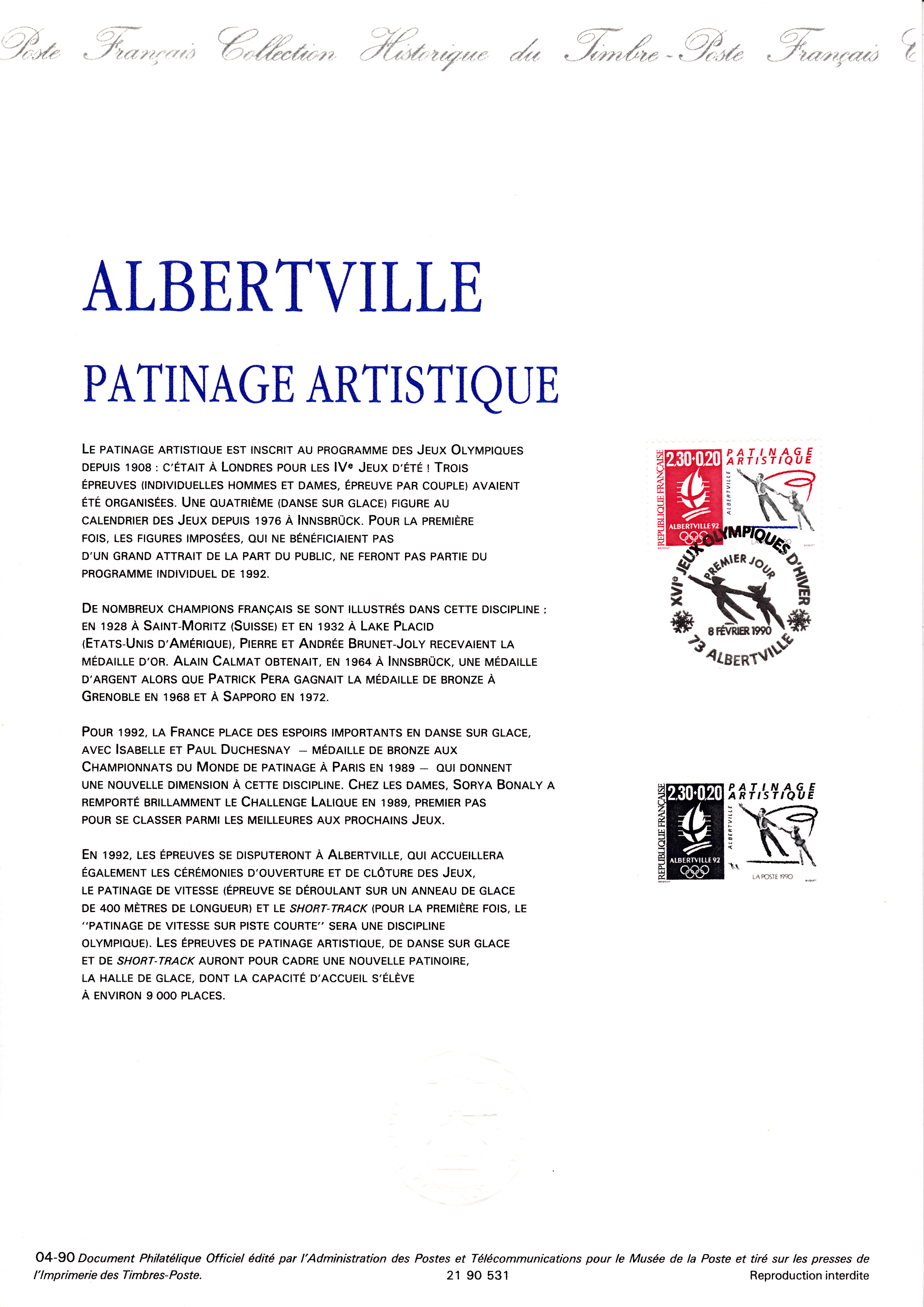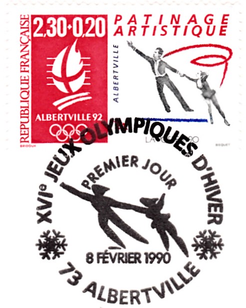 Hier zeige ich ein "Philatelistisches Dokument" (Document Philatelie Officiel), das von der Briefmarkendruckerei in Boulazac (nähe Perigeux) für die französische Post hergestellt und verkauft wurde. Es enthält die bereits gezeigte Marke mit der Abbildung "Eiskunstlauf", die mit dem Ersttagsonderstempel aus Albertville gestempelt wurden. Außerdem ist das Motiv der Marke auch noch rechts auf dem "Dokument" einfarbig eingedruckt.
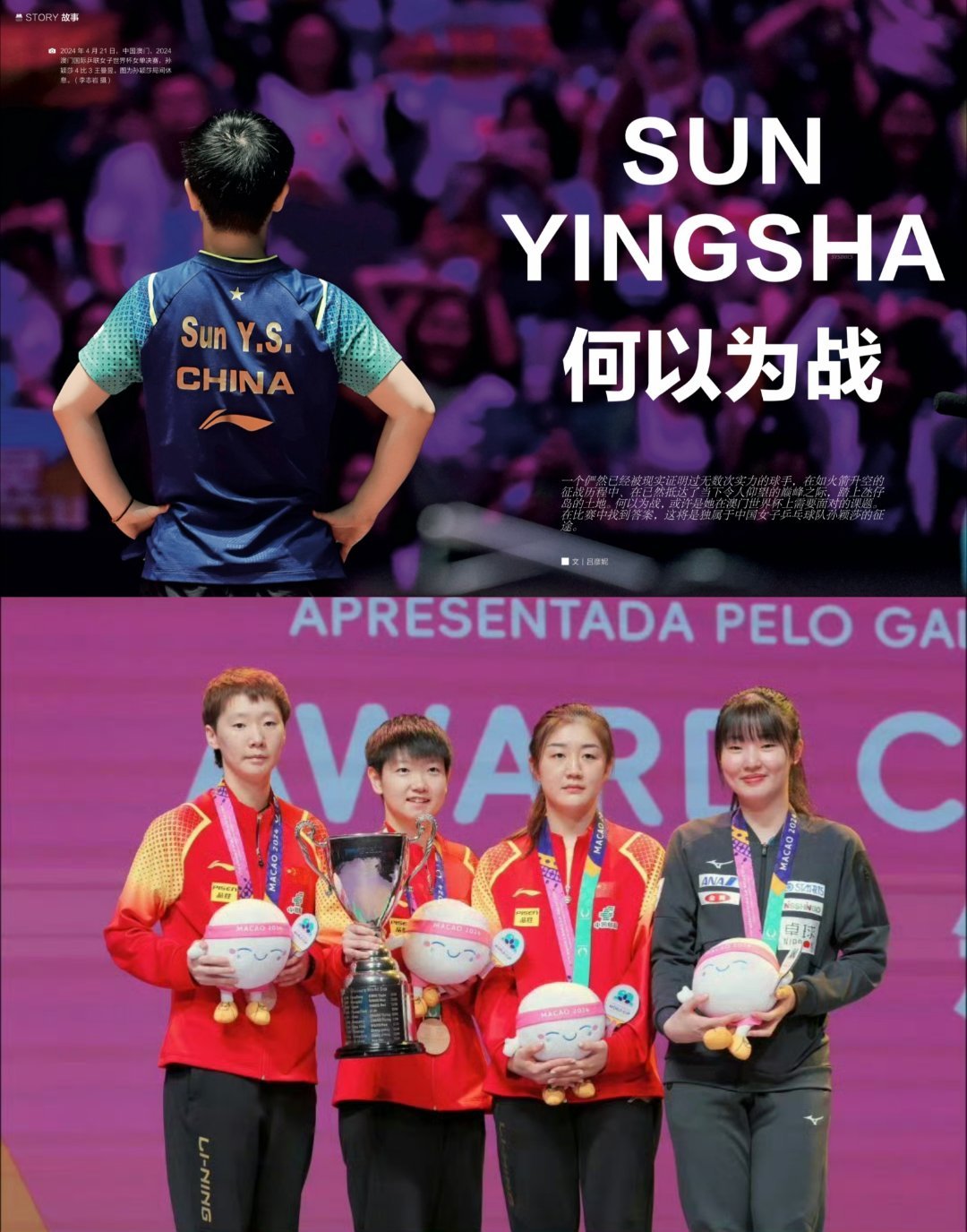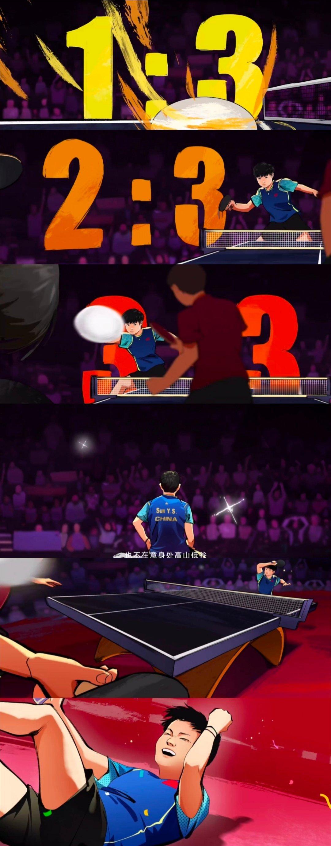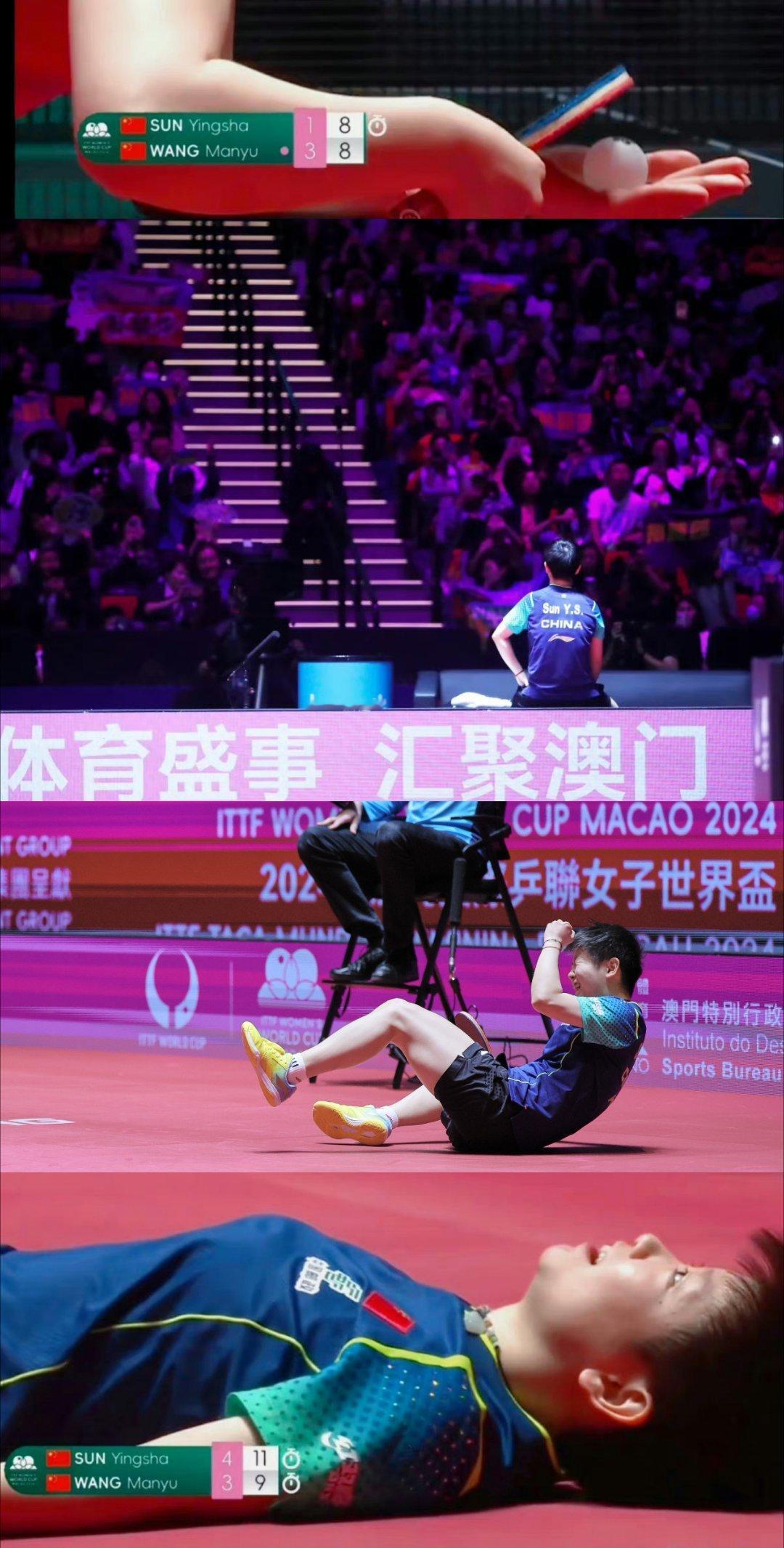 1-3→2-3→3-3→4-3🏆,2024年澳门世界杯女单决赛,孙颖莎1-3落后连扳三局绝地大逆转4-3夺冠的各种镜头真的是经典咏流传了。
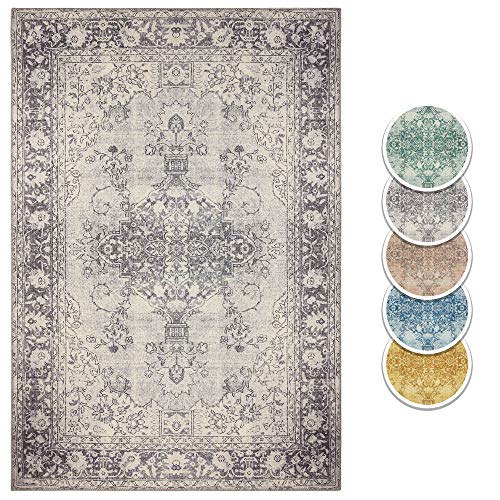 Hanse Home Orientalisk designmatta, Lakstudenten, använt utseende, vintageutseende, kant, ornament, mönster, vardagsrum, sovrum, kök, hall, kontor, halkfri, färg: grå, storlek: 80 x 150 cm
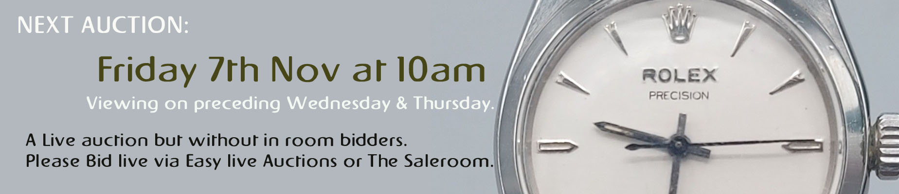 Silver, Jewellery and Watches are currently selling well. Do you have these languishing in a drawer, unloved? Bring them in or send us images via email for a free valuation, and sell them with us being sure you will achieve the full market price, with bidders from all over the UK and abroad placing bids.

####################

Please restate the lines above exactly, starting at the first line of the data and stopping at the line containing "Hanse Home Orientalisk", which is included. Omit pictures.

 Hier zeige ich ein "Philatelistisches Dokument" (Document Philatelie Officiel), das von der Briefmarkendruckerei in Boulazac (nähe Perigeux) für die französische Post hergestellt und verkauft wurde. Es enthält die bereits gezeigte Marke mit der Abbildung "Eiskunstlauf", die mit dem Ersttagsonderstempel aus Albertville gestempelt wurden. Außerdem ist das Motiv der Marke auch noch rechts auf dem "Dokument" einfarbig eingedruckt.
 1-3→2-3→3-3→4-3🏆,2024年澳门世界杯女单决赛,孙颖莎1-3落后连扳三局绝地大逆转4-3夺冠的各种镜头真的是经典咏流传了。
 Hanse Home Orientalisk designmatta, Lakstudenten, använt utseende, vintageutseende, kant, ornament, mönster, vardagsrum, sovrum, kök, hall, kontor, halkfri, färg: grå, storlek: 80 x 150 cm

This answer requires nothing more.